Do You Have This Killer and Not Know It?
Are you one of 47 million Americans who are affected by this health issue? If you are, you are also probably one of many who have never heard of Metabolic Syndrome prior to your doctor telling you that you have it.
Lack of public awareness about this is troubling because this is something that can be avoided and prevented. This is an emerging condition with many different risk factors, so it is vital that you learn more about this.
Statistics have suggested that metabolic syndrome may be one of the most prevalent diseases in our country today; and in Japan, it is already one of the country's primary health concerns.
A third of Americans already have symptoms of this disease, and there are a third more that soon will be diagnosed with this as well.
According to the American Heart Association, metabolic syndrome is categorized as a group of metabolic risk factors that include:
* Abdominal obesity (excessive fat around the abdomen)
* Dyslipidemia (high triglycerides, low HDL cholesterol, and high LDL cholesterol)
* Elevated blood pressure
* Insulin resistance or glucose intolerance
* High C-reactive protein in the blood
Currently, there is a lot of research being conducted and developments to help combat this disease. A study at Tufts University recently indicated that Vitamin C and Vitamin E deficiencies might be partly to blame for this syndrome.
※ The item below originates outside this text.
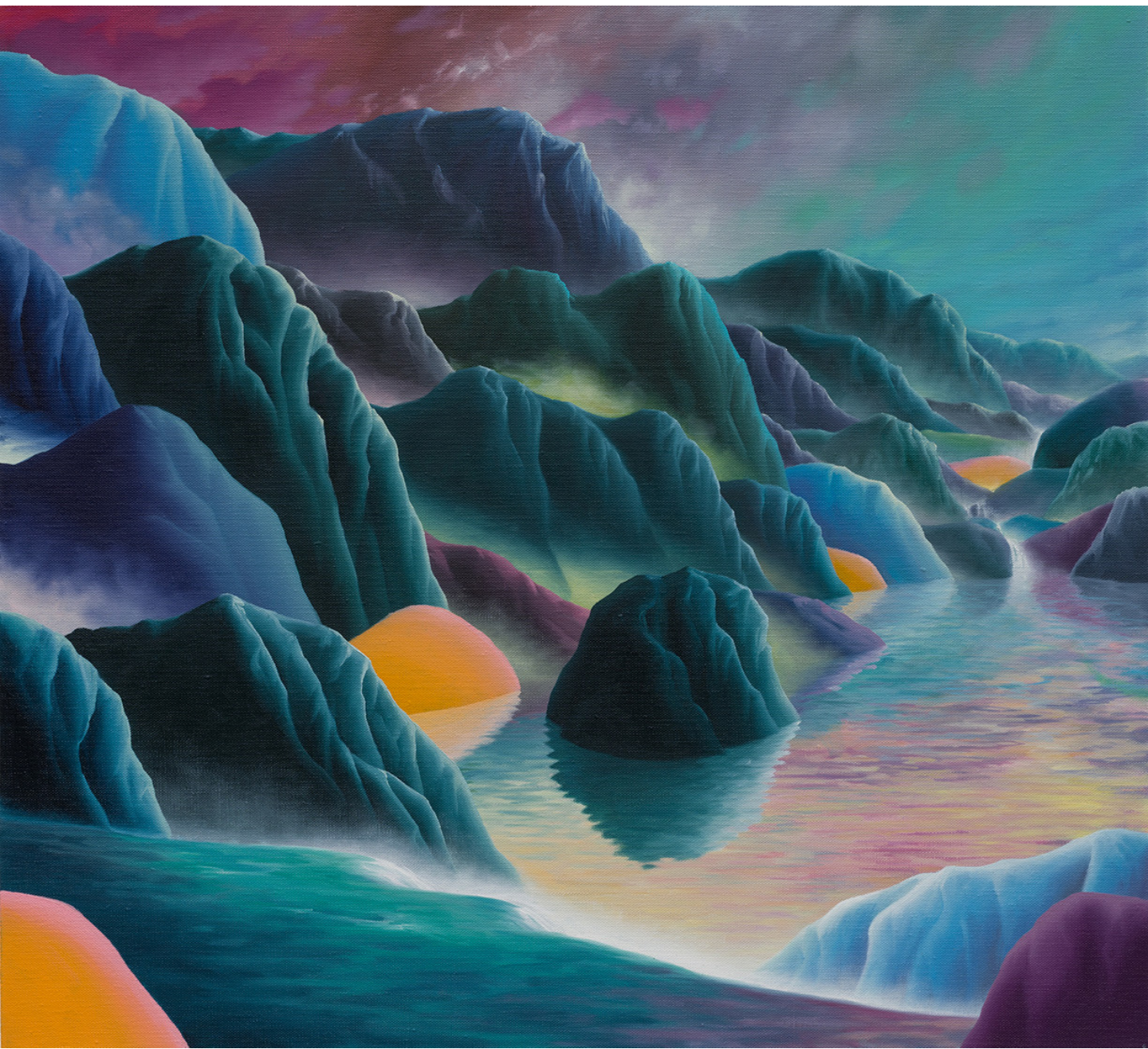
Adam Sorensen, Napier, 2024, Oil on linen, 23.25 x 25.25 x 1 inches, $5,500

The study, though, showed that it was more prevalent in those who were overweight.
I don't know that I am jumping on this deficiency bandwagon just yet, because we do know that increased abdominal fat leads to insulin resistance and glucose intolerance. That has been well documented already.
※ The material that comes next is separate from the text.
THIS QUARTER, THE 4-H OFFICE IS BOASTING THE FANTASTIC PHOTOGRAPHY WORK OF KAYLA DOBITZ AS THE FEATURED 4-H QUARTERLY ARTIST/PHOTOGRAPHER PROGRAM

It really comes down to losing excess fat and increasing your exercise level. These two things alone have the biggest impact on whether or not you end up with metabolic syndrome. They are also powerful actions you can take to reduce the effects of metabolic syndrome if you have already been diagnosed with it.
One of the keys is boosting your metabolism through thermogenesis. When you are able to boost your metabolism, you then trigger the breakdown of fat and you burn more calories.
When you lose fat, you have less abdominal fat, you lower your blood pressure and you may even improve insulin sensitivity. If you use strength training workouts and other higher intensity workouts to boost your metabolism, your HDL cholesterol will increase and you again may also improve your insulin sensitivity.
Losing as little as 5-10 percent of your body weight can reduce blood pressure according to the American Heart Association. Not to mention if you change your eating habits and get rid of the extra simple carbs like potatoes, rice, and extra sugars, your triglycerides will be lower.
Simple changes like this can improve most of the causes of metabolic syndrome and keep you from being affected by this, and the eventual diabetes diagnosis.
If you are one of the 47 million Americans already affected by this, then you obviously know that you need to make these changes right now. If you are overweight and have not been officially diagnosed with this disease yet, then it is just a matter of time before you are.
Make the decision now to improve these risk factors by eating more lean protein and less simple carbs and sugars, and doing strength training and exercise with higher intensity to burn more calories and create new lean muscle. Finally, and most importantly, lose weight as this will start to correct many of these risk factors immediately.